Van Hecke’s first Tottenham week already has substance

Tottenham confirmed Van Hecke’s arrival from Brighton last week, with the club describing him as an experienced Netherlands international on a long-term contract. The centre-back then spoke about the move as a major career moment, but the more useful evidence for Spurs supporters came almost immediately on the pitch.

According to Tottenham’s official match update, Van Hecke and Van de Ven both started and played the full match as the Netherlands went top of Group F. FIFA’s match report credited braces from Brian Brobbey and Cody Gakpo in a 5-1 win that put Ronald Koeman’s side in command of the group.

That matters because Van Hecke has not arrived as an abstract squad addition. ReadTottenham has already covered how Van Hecke signed from Brighton, but this was the first immediate glimpse of him operating in a high-stakes tournament setting while sharing a back line with a player Spurs already know can change the geometry of a defence.
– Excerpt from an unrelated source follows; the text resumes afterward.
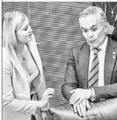
▲ El senador del Partido de la Revolución Democrática y ex jefe de gobierno capitalino, Miguel Ángel Mancera, estuvo acompañado durante la sesión plenaria de ayer en la Cámara alta.

The Van de Ven balance is the real Tottenham intrigue

Van de Ven’s value has always been obvious in open grass. His recovery pace lets Tottenham defend higher than most centre-backs would allow, and that becomes even more valuable under a coach such as De Zerbi, whose teams need centre-backs comfortable defending space behind them as well as passes into them.

Van Hecke offers a different kind of profile. He is not just another body for the defensive depth chart; he is a defender who already understands De Zerbi’s demands from their Brighton connection and is comfortable stepping into possession rather than treating build-up as somebody else’s job.
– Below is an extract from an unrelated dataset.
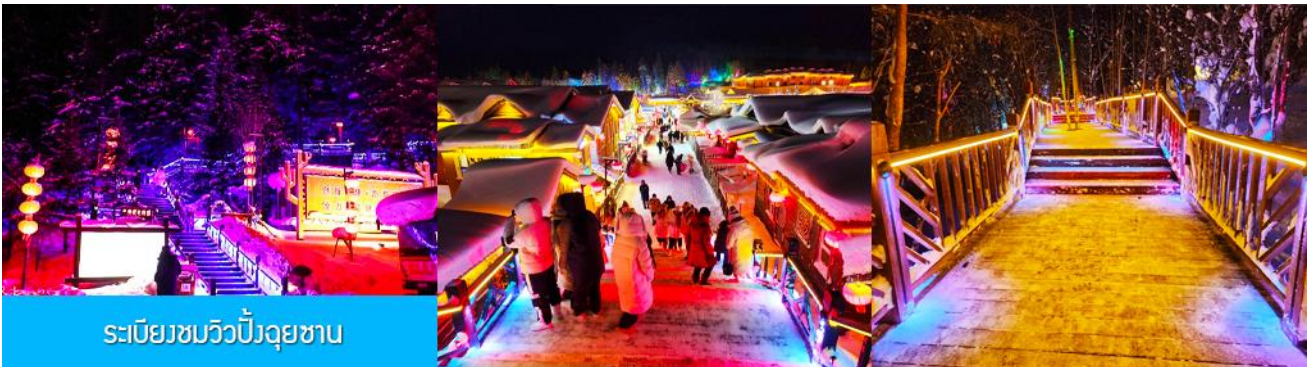
ระเบียงชมวิวยิ่งดูชวน

นำท่านสู่ระเบียงชมวิวยิ่งดูชวน 棒槌山观光栈道 เป็นระเบียงทางเดินชมวิวมุ่บ้านหิมะบนเนินที่ทำด้วยไม้ มีความยาว 3,200 เมตร ระเบียงทางเดินชมวิวนี้นี้ได้พาดผ่านจุดชมวิวยาวงาม ต่าง ๆ ที่สามารถมองเห็นทัศนียภาพที่สวยงามของเมืองในเทพนิยายในมิติและมุมมองที่หลากหลาย เป็นที่นิยมของนักท่องเที่ยวที่ชื่นชอบการถ่ายภาพเป็นอย่างยิ่ง เพราะระเบียงทางเดินชมวิวมุมสวย ๆ ให้ถ่ายรูปตลอดเส้นทาง, เดินบนระเบียงไม่มีค่าใช้จ่ายใด ๆ ท่านสามารถเดินชมวิวดำตามอัธยาศัย จนอิ่มใจ

That is why Saturday’s Netherlands result is more revealing than a standard international appearance. The Dutch did not merely survive with two Tottenham defenders in the side. They controlled the scoreboard, carried a 5-1 result, and gave both players a full 90-minute load against a Sweden side featuring Bergvall. For a Spurs squad that has been in churn, shared rhythm at international level is a useful head start.

It also adds context to the wider defensive reshuffle. Tottenham’s pursuit of centre-back balance has been a recurring theme, from the earlier Van Hecke reaction after his Brighton move to the ongoing questions around Luka Vuskovic’s place in the pecking order.
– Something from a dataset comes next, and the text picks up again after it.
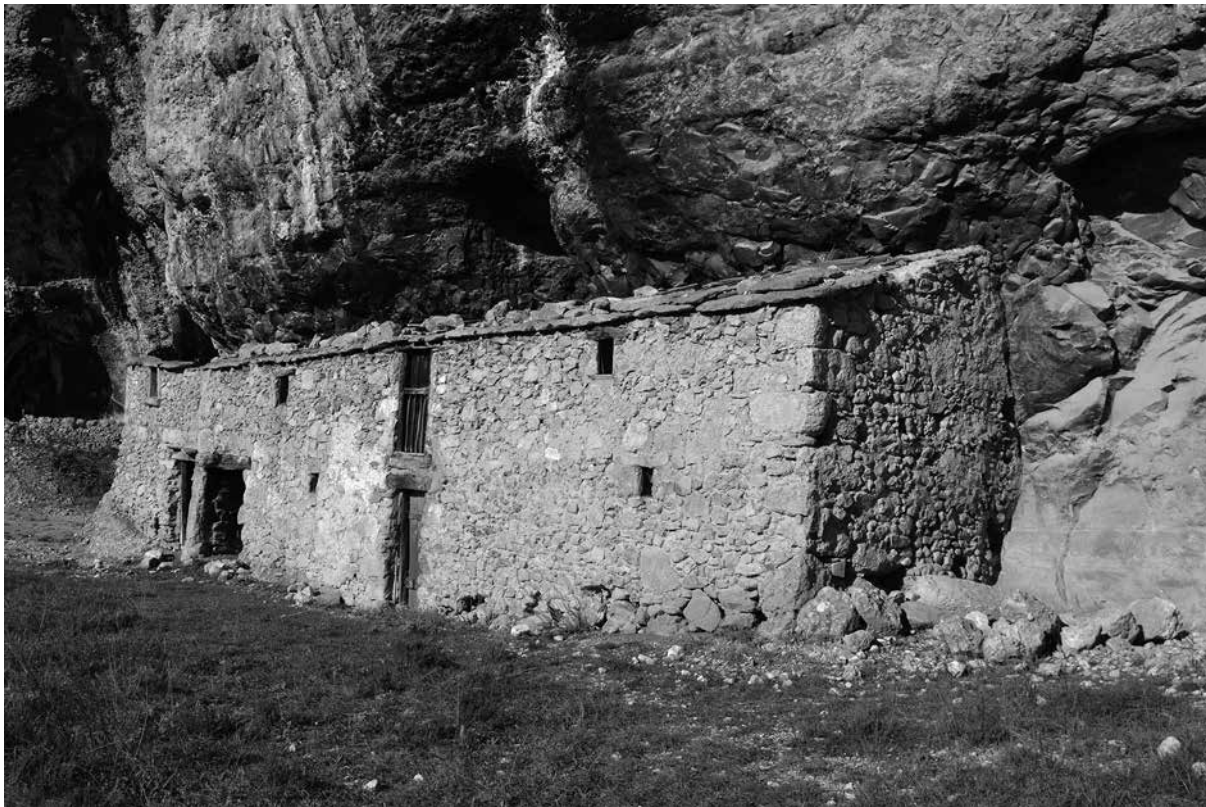
Balma de cal Cavallol – Odèn (cova núm. 20)

tocar a la paret. Al mig hi ha un habitacle amb paret de pedra seca, en forma circular, que tanca al sostre i a la roca. Té una porta petita i una finestreta. Pel darrera hi ha una petita cambra a sota d'una gran roca després del cingle que comunica amb un altre habitacle. Aquest conducte segurament era aprofitat per fer-hi foc per escalfar les estances. Aquest darrer, el més occidental, té una paret de pedra seca, de poca alçada. Aquesta casa troglodita podria ser una de les primeres cases de tot el veïnat de la

De Zerbi now has options, but also a selection problem

The temptation is to jump straight from one Netherlands win to a Tottenham starting XI, but De Zerbi’s decision will not be that simple. Cristian Romero, Micky van de Ven, Marcos Senesi, Van Hecke and Vuskovic cannot all occupy the same central spaces, and Spurs still need a defensive structure that serves the whole team rather than just the best individuals.

What this performance does offer is a plausible route. Van Hecke can help Tottenham build cleaner from the back, Van de Ven can protect the space when the line pushes up, and their international minutes together remove at least some of the unknown around communication and spacing.

That could become especially important if De Zerbi wants Tottenham to spend longer spells in the opposition half next season. A high line only works if the centre-backs are brave enough to squeeze, quick enough to recover and calm enough to restart attacks under pressure.

For now, the conclusion is measured but encouraging. Van Hecke’s signing already looked like a De Zerbi-specific move. After a 90-minute World Cup statement alongside Van de Ven, it also looks like Tottenham may have seen the first live rehearsal of a partnership that could define the new manager’s defensive plan.